- Born: Kathy D'Arcy Cork, Ireland
- Occupations: Author, poet, activist, playwright
- Known for: Poetry, Prochoice activism, Theatre

= Kathy D'Arcy =

Irish poet and activist

Kathy D'Arcy is an Irish poet, feminist activist, workshop facilitator, and youth worker, from Cork, Ireland, but now based in Iceland. D'Arcy originally qualified as a doctor, before completing further M.A. and Ph.D. qualifications in Creative Writing at University College Cork. She teaches in the Women's Studies and Adult Education departments of the University.

==Career and major works ==
Kathy D'Arcy is the author of two collections of poetry, Encounter (Lapwing 2010) and The Wild Pupil (Bradshaw 2012). Her doctoral research was funded by an Irish Research Council Postgraduate Scholarship. D'Arcy has also written plays. Her first play, Retreat, was performed in the Granary theatre in 2008. Her second, This is My Constitution, was performed in Dáil Éireann at a parliamentary briefing on gender bias in the Irish Constitution during the Constitutional Convention in 2014.

In 2017, she was awarded first prize in the FPM Hippocrates Heath Professional Award for her poem "Inside". D'Arcy has stated that "Inside" is a poem about the human heart and people's relationship with it.

She was 2016 editor of the Cork Literary Review and is current editor of Rhyme Rag, an online poetry journal for young people, organised by the Arts Office of Kilkenny County Council. She facilitates creative writing workshops for beginners and intermediate writers. Through the Adult Continuing Education department in University College Cork, D'Arcy offered a course on "Finding Your Voice" in 2018.

==Writing and political activism==
D'Arcy is a prominent feminist activist. She was heavily involved in the campaign to repeal the Eighth Amendment in Ireland, primarily as the chair of the Cork section of Together for Yes.

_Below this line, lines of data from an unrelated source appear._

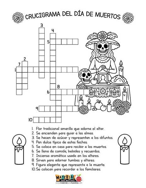 El crucigrama está diseñado para que los alumnos refuercen sus conocimientos sobre los elementos y tradiciones del Día de Muertos. A través de pistas sencillas, deberán descubrir y ubicar 10 palabras clave como cempasúchil, altar, velas, pan de muerto, catrina, entre otras.
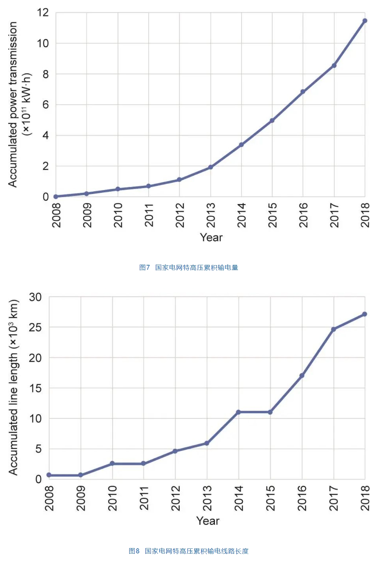 以國家電網(wǎng)特高壓輸電線路建設為例,圖7、圖8分別為2008—2018年累計輸電量和累計輸電線路長度。在此期間,特高壓輸電線路長度從640 km增加到27114 km,增長了42倍。累計輸電量從2008年的7.7 × 107 kW·h增加到2018年的1.145777 × 1012 kW·h,增長了14880倍。特高壓輸電線路的建設有助于解決電源和負荷不平衡問題,提高了可再生能源的消納能力。
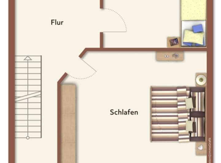 Im Obergeschoss befinden sich zwei helle Schlafzimmer, die jeweils ausreichend Platz für Doppelbetten und Schränke bieten.
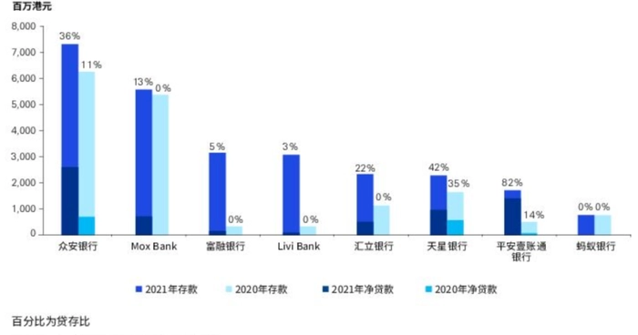 《报告》显示,八家虚拟银行发放的净贷款金额从2020年12月10亿港元增长至2021年12月的60亿港元,但整体贷款规模相比于实现盈利所需的水平仍然过小,2021年平均贷存比仅为25%,与所有认可机构的平均贷存比86.7%相差甚远。不过,这也与个别银行业务未发力信贷业务有关,从而拉低了整体的贷存比率。

D'Arcy collaborated with New Binary Press to edit a collection of writing called Autonomy in 2018, a woman-led collection focusing on bodily autonomy. The proceeds from the collection are donated to the campaign for free, safe and legal abortion in Ireland. According to D'Arcy, the collection includes "not just stories about abortion, though there are many – stories about all of the ways our bodily integrity can be attacked, and how we can rise up nonetheless and speak out for ourselves and others. Contributors wrote about sexuality, ability, belonging, violence, mortality, compassion, support, celebration."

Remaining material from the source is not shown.